**Data block**
= Beginning of Section =

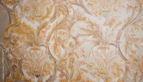 Elegant beige and gold floral wallpaper adds a touch of luxury to any room.
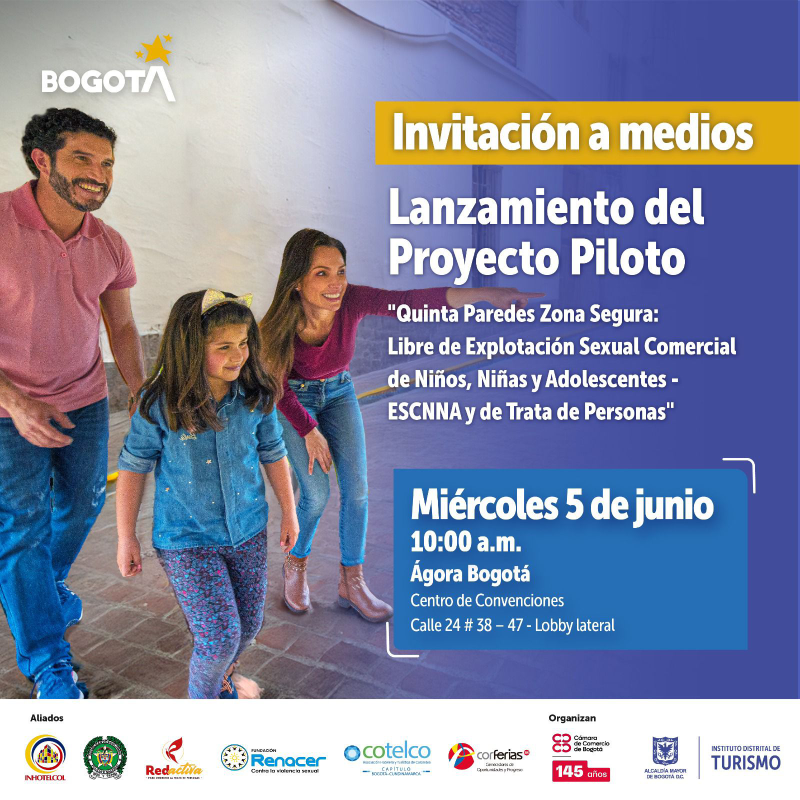 Así mismo, se visibilizará el trabajo conjunto con los aliados estratégicos que se han sumado al proyecto como son: la Red Activa para combatir la Trata de Personas, Corferias, COTELCO Capítulo Bogotá – Cundinamarca, Inhotelcol, Policía Metropolitana de Bogotá, y la Fundación Renacer.
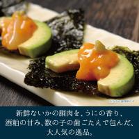 【原材料・成分】いか、塩うに、酒粕、食塩、塩数の子、砂糖、発酵調味料、たん白加水分解物、魚醤/ソルビット、調味料(アミノ酸等)、酒精、増粘多糖類、パプリカ色素、(一部にいか・大豆・りんごを含む) 【栄養成分表示(100gあたり) 熱量117kcal、たんぱく質16.0g、脂質0.1g、炭水化物13.0g、食塩相当量5.2g (この表示値は、目安です。)賞味期限 製造日より60日間(未開封)
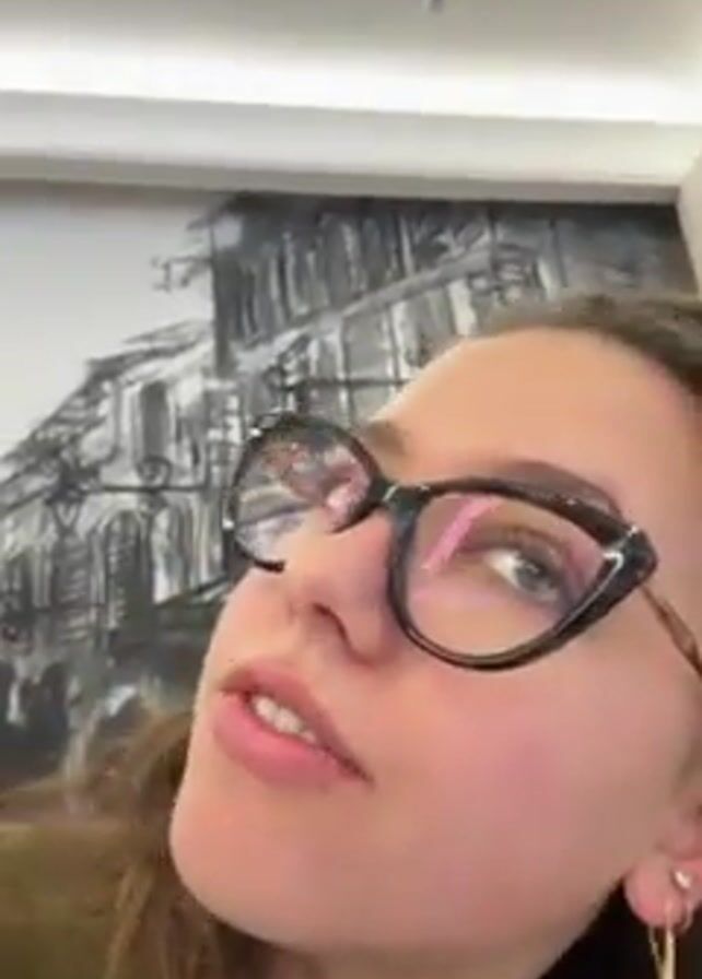 young woman with brown hair and blue eyes, wearing glasses and a green sweater, speaking to the camera. Her earrings are visible. Behind her is a black and white drawing on the wall. She holds up a small, light pink rectangular case that has gold lettering that says "Alaia Paris" on it. She states that her glasses are the first thing she carries.

= End of Section =

**Exercise details**
Print the listing word for word, but omit the pictures.

**Output for this exercise**
 Elegant beige and gold floral wallpaper adds a touch of luxury to any room.
 Así mismo, se visibilizará el trabajo conjunto con los aliados estratégicos que se han sumado al proyecto como son: la Red Activa para combatir la Trata de Personas, Corferias, COTELCO Capítulo Bogotá – Cundinamarca, Inhotelcol, Policía Metropolitana de Bogotá, y la Fundación Renacer.
 【原材料・成分】いか、塩うに、酒粕、食塩、塩数の子、砂糖、発酵調味料、たん白加水分解物、魚醤/ソルビット、調味料(アミノ酸等)、酒精、増粘多糖類、パプリカ色素、(一部にいか・大豆・りんごを含む) 【栄養成分表示(100gあたり) 熱量117kcal、たんぱく質16.0g、脂質0.1g、炭水化物13.0g、食塩相当量5.2g (この表示値は、目安です。)賞味期限 製造日より60日間(未開封)
 young woman with brown hair and blue eyes, wearing glasses and a green sweater, speaking to the camera. Her earrings are visible. Behind her is a black and white drawing on the wall. She holds up a small, light pink rectangular case that has gold lettering that says "Alaia Paris" on it. She states that her glasses are the first thing she carries.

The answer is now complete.